10min_cpu_usage

10min_cpu_usage

OS: Linux & FreeBSD

This alert calculates an average on CPU utilization over a period of 10 minutes, excluding iowait, nice
and steal values.

Note that on FreeBSD, the alert excludes only nice.

The alert is generally self-explanatory, but to clarify any confusion that might exist in the iowait, nice and steal metrics:

iowait is the percentage of time the CPU waits on a disk for an I/O; it happens when the former is getting bottlenecked by the latter. At this point the CPU is being idle, waiting only on the I/O.

nice value of a processor is the time it has spent on running low priority processes. Low priority processes are those with a ‘nice’ value greater than 0 (on UNIX-like systems, a higher ‘nice’ value indicates a lower priority).

steal, in a virtual machine, is the percentage of time that particular virtual CPU has to wait for an available host CPU to run on.
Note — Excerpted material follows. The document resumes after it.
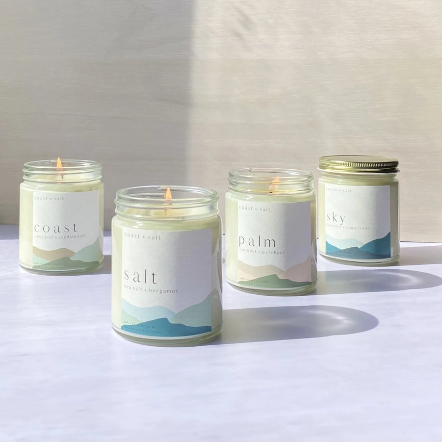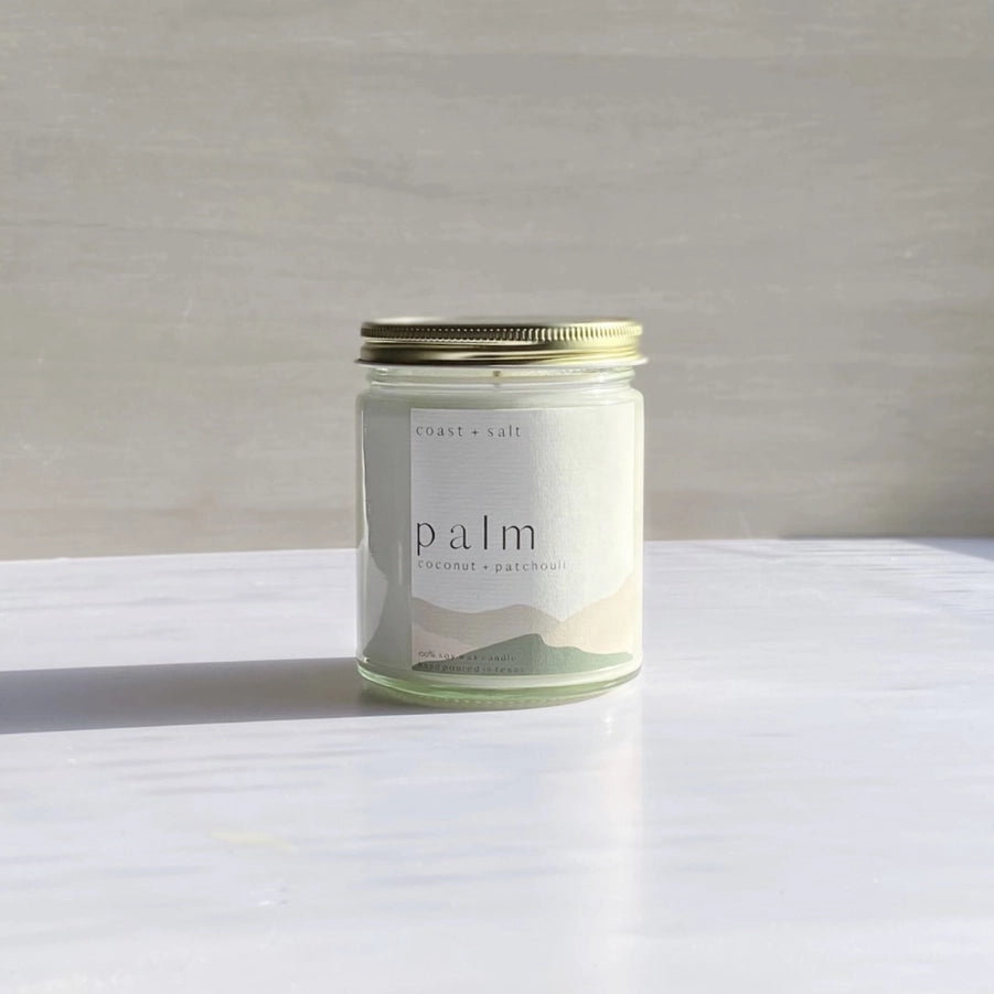 Palm ~ A cool salty breeze carries notes of coconut husk + jasmine, on top of earthy patchouli with a woody amber base

If this metric goes up, it means that your VM is not getting the processing power it needs.

Troubleshooting section

Processes slowing down your CPU

There are two primary cases in which this alert is raised, and determining which applies to you requires understanding your own scenario.

  • Generally, if you have high CPU utilization alongside a high nice value, it means that the system is running through all the low priority processes, and if some high priority process needs CPU time, it can get it at any time.
  • On the flipside, if you have high CPU utilization with low nice value, this means that the CPU is used on high priority processes and new ones will not be able to take CPU time, and they will have to wait.

The latter scenario is worth investigating if there is a process slowing down your CPU. We suggest you go to your node on Netdata Cloud and click the nice dimension under the Total CPU Utilization chart to see the value. You can then pair it with the value of this alert to see what’s your case of the two described.